German research institute

The Institute for Climate Protection, Energy and Mobility (German: Institut für Klimaschutz, Energie und Mobilität e.V. – short IKEM) conducts research into issues of climate change mitigation in the interplay between law, economics and politics. Based in Berlin and Greifswald, IKEM was established as a non-profit organization in 2009 and is affiliated to the University of Greifswald as an independent research institute.

IKEM has been recognized as a non-governmental organisation by the United Nations Economic and Social Council since 2017 and has special consultative status there.

Michael Rodi is Chairman of the Association and Director of the institute. Other members of the executive board are Christian Held (deputy chairman) and Simon Schäfer-Stradowsky.

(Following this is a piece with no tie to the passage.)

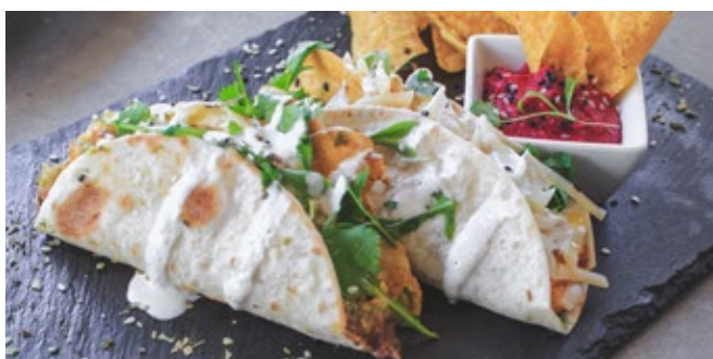
Tacos à Esquina

The scientific advisory board consists of: Christian Held, Jelena Bäumler, Thorsten Beckers, Stephan Breidenbach, Volker Bühner, Olaf Däuper, Dörte Fouquet, Manfred Greis, Valentyn Gvozdiy, Friedrich-Wilhelm Hagemeyer, Barbara Hendricks, Florian Hertweck, Wolfgang Köck, Hans Kreisel, Michael Lehmann, Karsten Lemmer, Michael Mehling, Jörg Müller, Joachim Müller-Kirchenbauer, Sabine Nallinger, Friedbert Pflüger, Barbara Praetorius, Martin Pudlik, Rudi Rienzner, Roman Ringwald, Michael Sauthoff, Susanne Stoll-Kleemann, Juliane Thimet, Jürgen Trittin, Dodo Vögler and Alexander Voigt.

== Research areas ==

IKEM is dedicated to climate protection issues and specializes in legal, economic and social science analyses that develop or optimize strategies for reducing greenhouse gas emissions and dealing with the consequences of climate change.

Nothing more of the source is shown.